Task statement
With the pictures left aside, write out exactly the lines of the listing below from the line with "These photos show" to the line with "2022年1月,我國磷酸鐵鋰", both included, and only those.

Data
..........

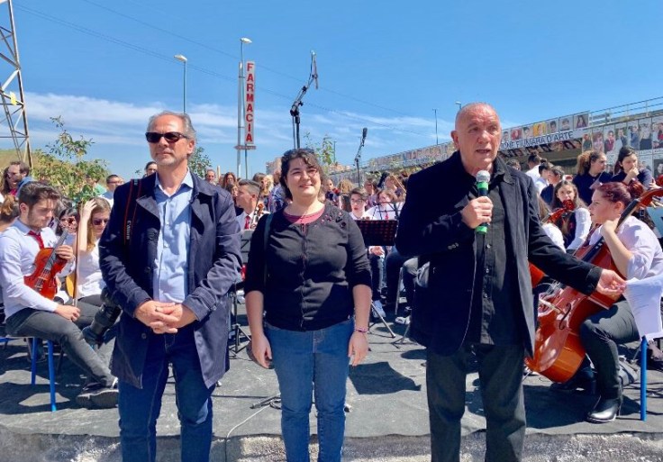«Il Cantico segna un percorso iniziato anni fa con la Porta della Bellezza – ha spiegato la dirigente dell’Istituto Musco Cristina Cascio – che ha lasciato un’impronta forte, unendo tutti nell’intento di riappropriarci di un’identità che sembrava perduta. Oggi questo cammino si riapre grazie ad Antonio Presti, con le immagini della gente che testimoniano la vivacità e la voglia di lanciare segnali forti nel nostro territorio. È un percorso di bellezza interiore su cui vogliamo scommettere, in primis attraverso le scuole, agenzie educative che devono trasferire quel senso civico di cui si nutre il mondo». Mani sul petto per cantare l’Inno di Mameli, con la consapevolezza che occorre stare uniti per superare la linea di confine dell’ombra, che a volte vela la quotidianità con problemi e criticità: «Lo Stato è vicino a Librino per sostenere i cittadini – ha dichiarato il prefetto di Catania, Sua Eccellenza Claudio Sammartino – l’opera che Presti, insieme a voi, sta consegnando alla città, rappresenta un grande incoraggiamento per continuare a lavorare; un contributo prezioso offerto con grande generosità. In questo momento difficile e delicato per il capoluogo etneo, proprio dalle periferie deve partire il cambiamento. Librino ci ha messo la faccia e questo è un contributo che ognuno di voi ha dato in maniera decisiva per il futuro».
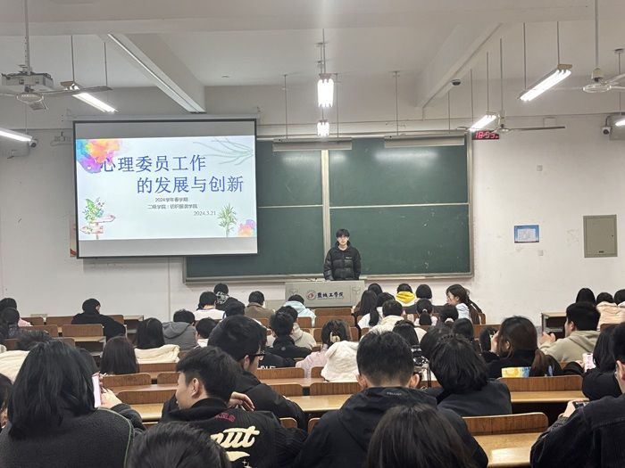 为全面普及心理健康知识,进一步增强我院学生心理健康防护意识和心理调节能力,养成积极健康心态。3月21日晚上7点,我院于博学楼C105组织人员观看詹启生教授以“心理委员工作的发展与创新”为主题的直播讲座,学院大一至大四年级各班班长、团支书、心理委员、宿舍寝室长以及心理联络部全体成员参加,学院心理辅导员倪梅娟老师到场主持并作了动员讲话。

..........

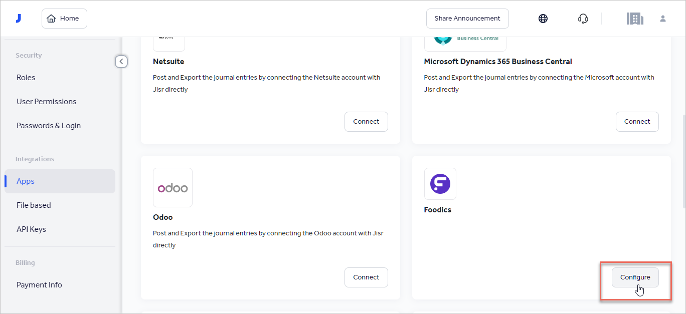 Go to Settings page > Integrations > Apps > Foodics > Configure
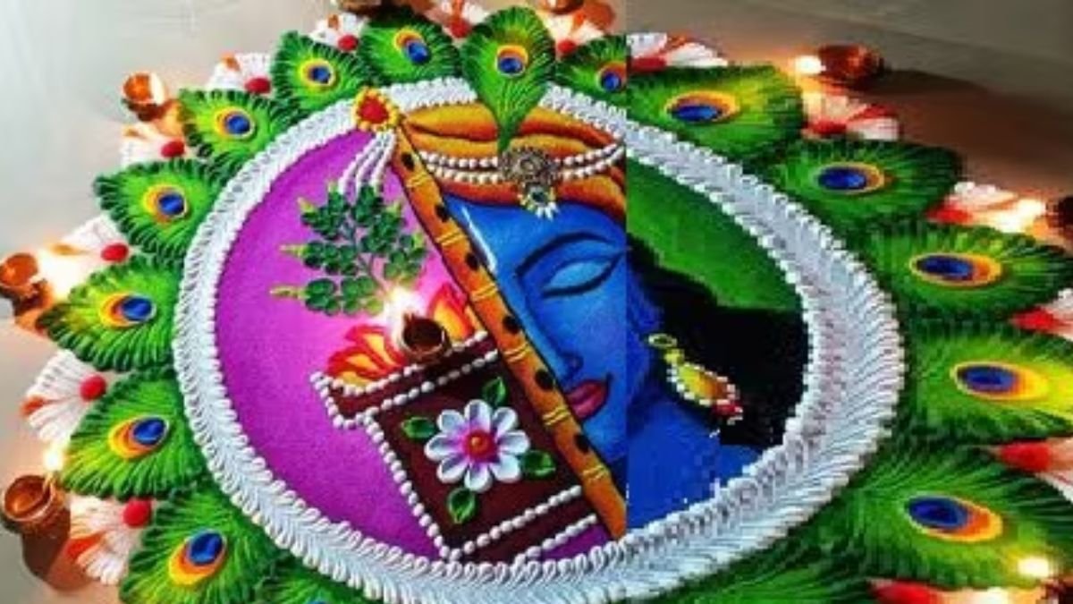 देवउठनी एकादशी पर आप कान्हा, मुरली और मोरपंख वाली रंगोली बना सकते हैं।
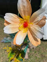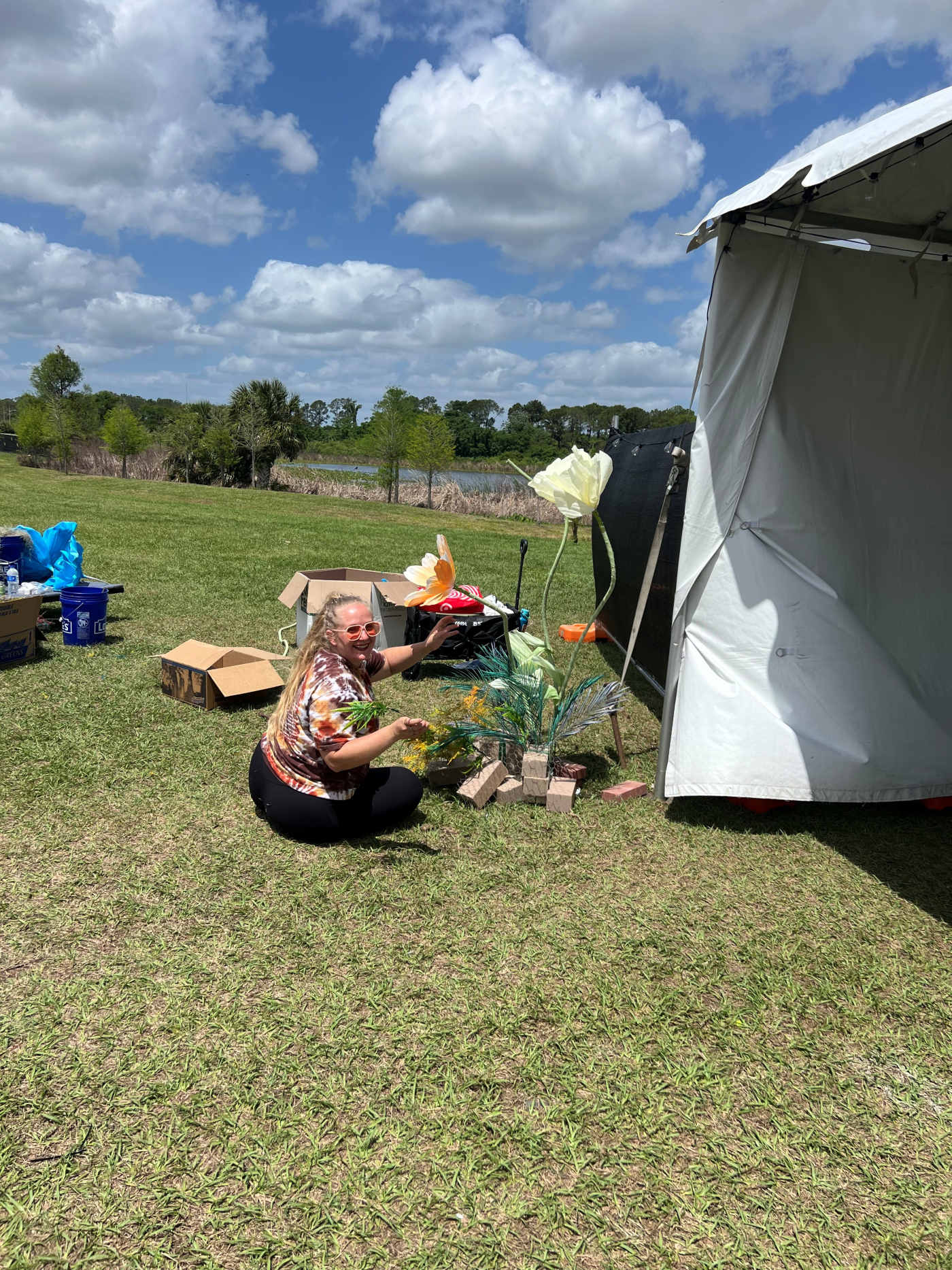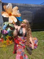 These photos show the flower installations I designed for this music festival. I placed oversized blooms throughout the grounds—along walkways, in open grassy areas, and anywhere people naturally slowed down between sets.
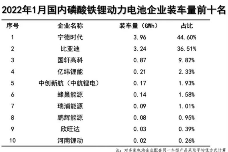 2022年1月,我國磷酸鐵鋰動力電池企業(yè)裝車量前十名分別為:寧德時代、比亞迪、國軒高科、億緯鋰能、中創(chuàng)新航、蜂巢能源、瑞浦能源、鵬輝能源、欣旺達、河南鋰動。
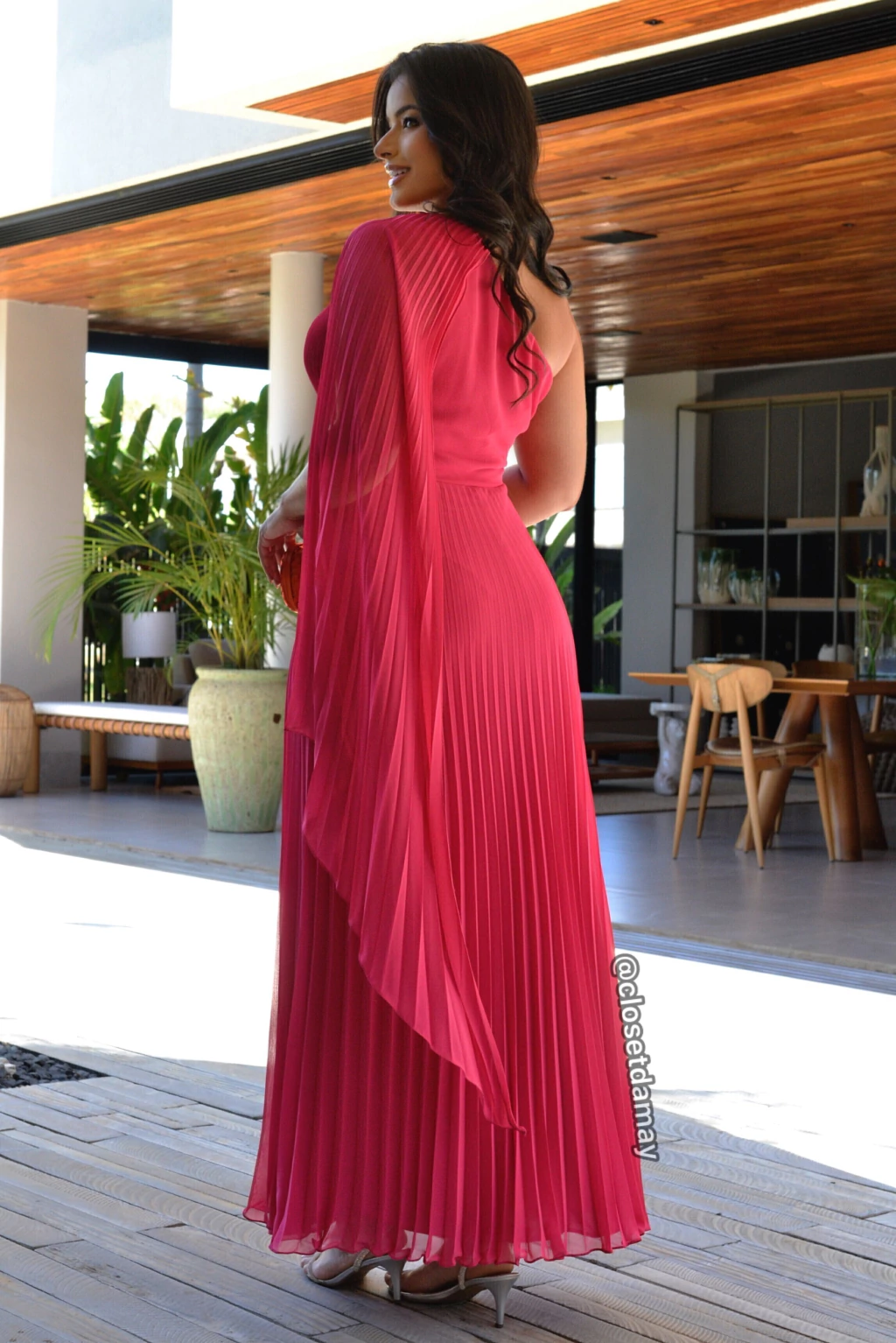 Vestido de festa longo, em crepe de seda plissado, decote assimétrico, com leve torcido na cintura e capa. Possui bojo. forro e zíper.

..........

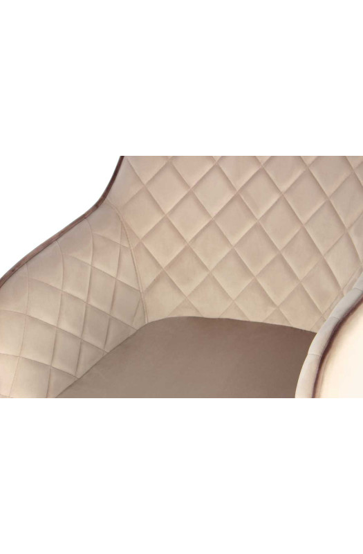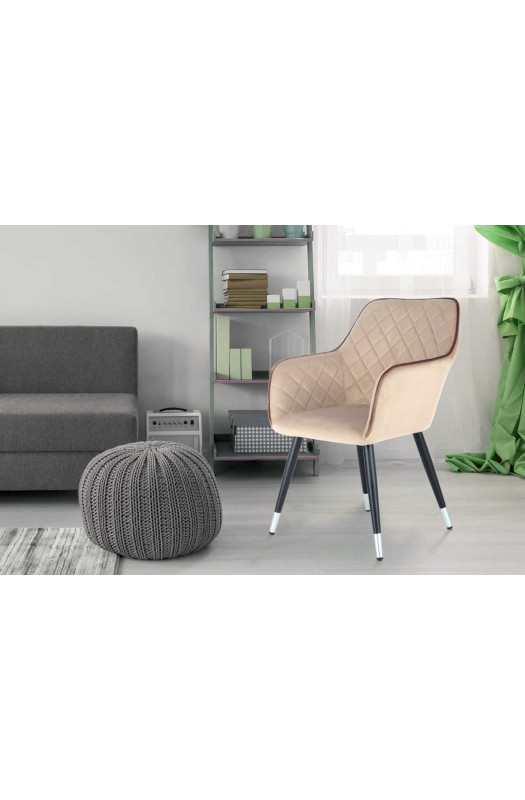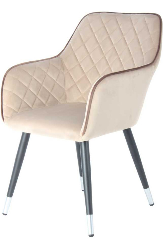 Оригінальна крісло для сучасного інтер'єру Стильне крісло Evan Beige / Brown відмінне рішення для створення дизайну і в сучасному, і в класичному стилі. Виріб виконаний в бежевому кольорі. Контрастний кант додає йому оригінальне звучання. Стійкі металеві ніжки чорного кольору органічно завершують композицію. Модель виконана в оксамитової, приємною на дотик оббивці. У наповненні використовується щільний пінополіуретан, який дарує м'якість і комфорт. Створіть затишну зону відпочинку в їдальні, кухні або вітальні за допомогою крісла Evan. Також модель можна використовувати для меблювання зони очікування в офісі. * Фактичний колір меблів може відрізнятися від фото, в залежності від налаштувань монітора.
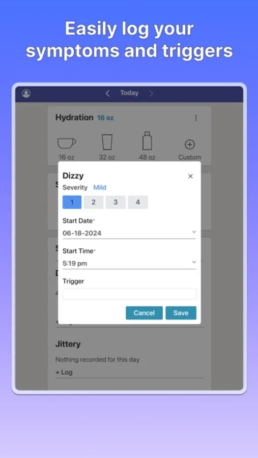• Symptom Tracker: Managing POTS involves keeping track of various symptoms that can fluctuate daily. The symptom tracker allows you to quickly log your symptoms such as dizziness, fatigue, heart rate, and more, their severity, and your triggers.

..........

Exercise solution
 These photos show the flower installations I designed for this music festival. I placed oversized blooms throughout the grounds—along walkways, in open grassy areas, and anywhere people naturally slowed down between sets.
 2022年1月,我國磷酸鐵鋰動力電池企業(yè)裝車量前十名分別為:寧德時代、比亞迪、國軒高科、億緯鋰能、中創(chuàng)新航、蜂巢能源、瑞浦能源、鵬輝能源、欣旺達、河南鋰動。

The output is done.